Back in September we reviewed the seasons down on the farm for the FCL, Salem, Greenville, and Portland as their schedules ended with about a month to go in the major-league season. But as they stopped playing, the seasons continued into early October for both Worcester and the DSL teams. We’ve been focused on the playoffs for most of this month, but with the Boston Red Sox out it’s a good time to circle back and review those seasons as well. We looked at Worcester yesterday, and today we finish up with a look at the DSL players.
Top Position Player
Jhostynxon Garcia, OF
The Red Sox have spent a lot of money in recent years on outfielders on the international market, and while Garcia wasn’t one of the very top names in recent classes his $350,000 bonus (per Sox Prospects) put him on the radar to some extent before the games began.
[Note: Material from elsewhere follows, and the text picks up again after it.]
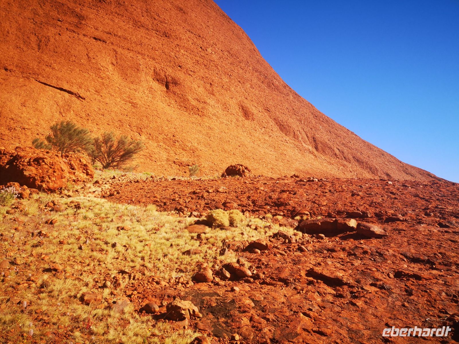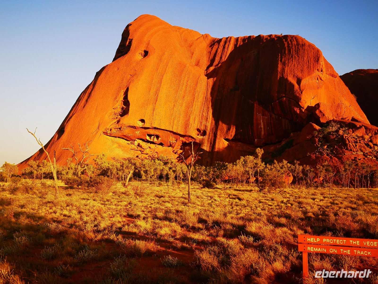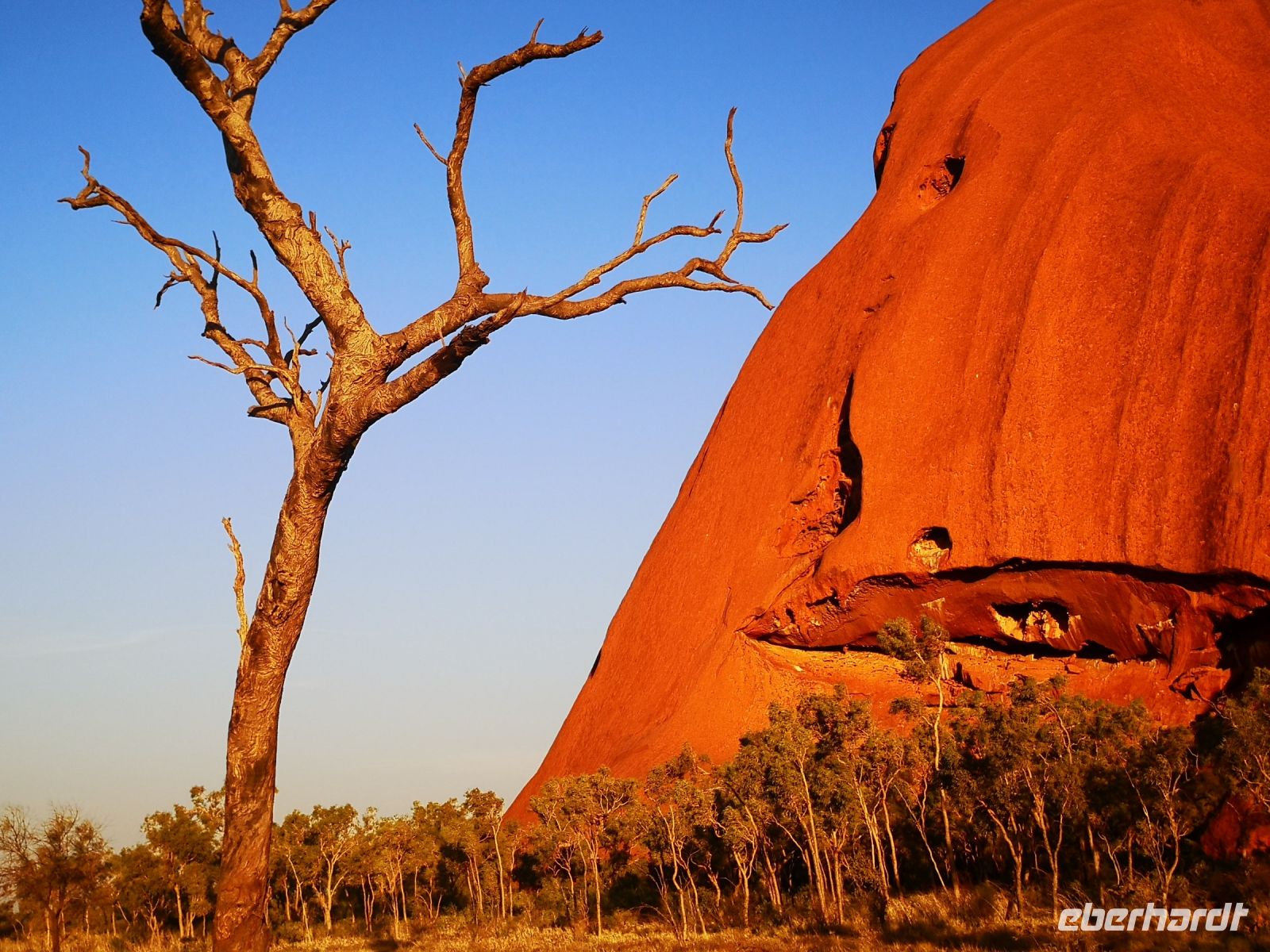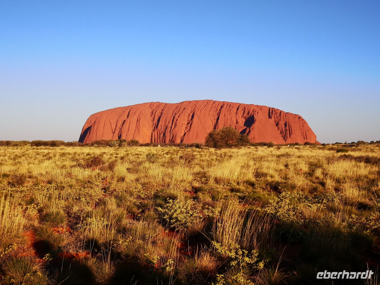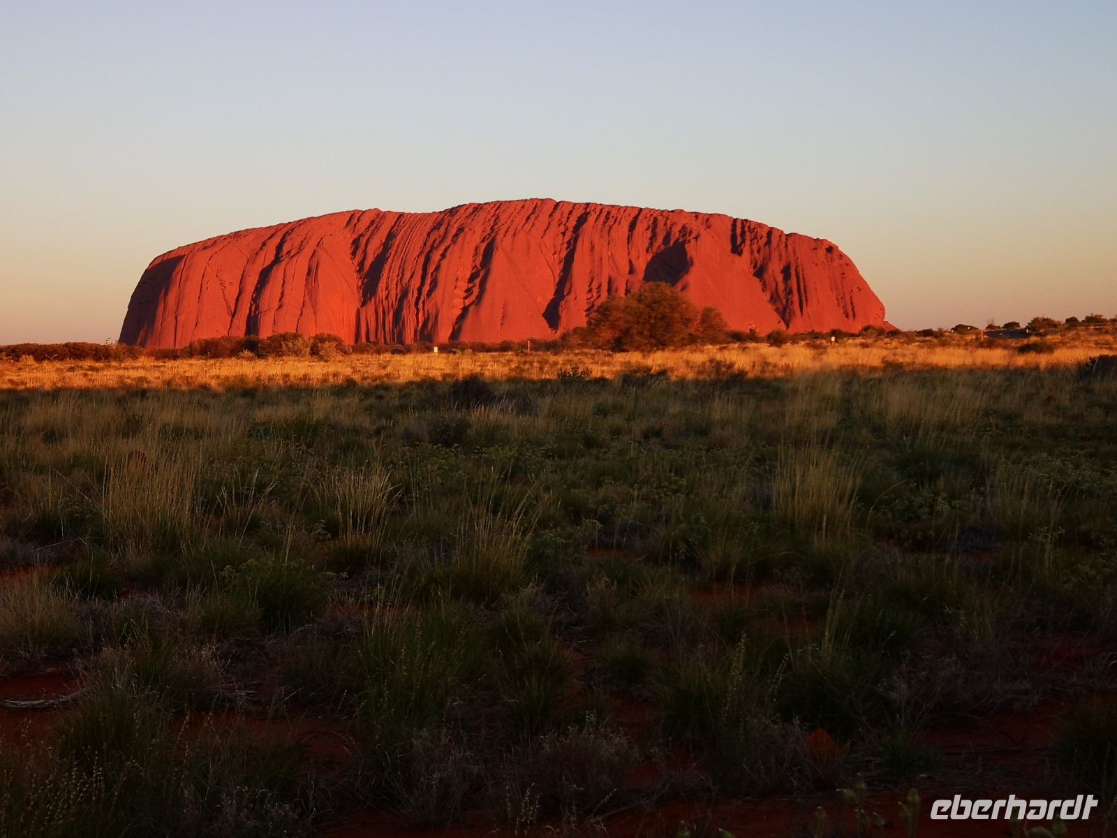Die Rotfärbung des mächtigen Felsen wird immer stärker, und bei stahlblauem Himmel entfaltet sich diese Wirkung uneingeschränkt.

His first pro season in 2021 didn’t get off to any huge start, but he was solid all year and caught fire to end it to wrap up this fake award. He hit for good power in a league where that’s not the easiest thing to do, and managed to draw more walks than strikeouts as well. He ended the year hitting .281/.424/.481 on the season, and should be a name to keep in mind as he comes stateside in 2022.
Top Starting Pitcher
Jedixson Paez, RHP
Paez was another one of these second-tier type signings from the most recent international class, coming in with a slightly higher $450,000 bonus (again per Sox Prospects). Pitchers often don’t gain a ton of traction in the DSL, but Paez did make a nice name for himself in 50 1⁄3 innings. The righty pitched to a 2.86 ERA, finishing with a solid 24 percent strikeout rate and a really impressive four percent walk rate.
Top Relief Pitcher
Railin Perez, RHP
Pitching is a totally different game down in the DSL, a league filled almost entirely with teenagers who are not making full starts most of the time. The nominal starters often throw as many innings as some relievers, and players like Perez can start their career in the bullpen before moving to the rotation later in their career. Whether or not that is the case here is a different story, though. This was his second go-around in the DSL, and after pitching to a 3.60 ERA in 2019 he improved that mark to 1.35 this past year while striking out 27 percent of his opponents.
The Top Prospect
Miguel Bleis, OF
While Garcia had the best season among position players in the DSL, he wasn’t the one most eyes were on. Instead, Bleis got that honor as the top signing from the last few years and a toolsy outfield who opened some eyes in his professional debut. He only got 136 plate appearances as he was eased into action and dealing with some minor injury issues, but he showed some all-around talent hitting .252/.331/.420. He’s still raw, but people who have seen him play are excited about his future as an athletic center fielder with good bat-to-ball skills.
The underrated outfielder
Juan Chacon, OF
The Red Sox have signed a center fielder as their top international signing in each of the last three signing periods, and Chacon gets a little overlooked as Eduardo Lopez got to make his debut in the DSL while Bleis got more money. Chacon’s planned first season was cancelled due to COVID, and he also got a smaller bonus than the other two. The tools aren’t as loud here, but he’s got a good approach and is a solid athlete who has a chance to stick in center field. In 2021 he hit .311/.426/.384 with the same number of walks as strikeouts.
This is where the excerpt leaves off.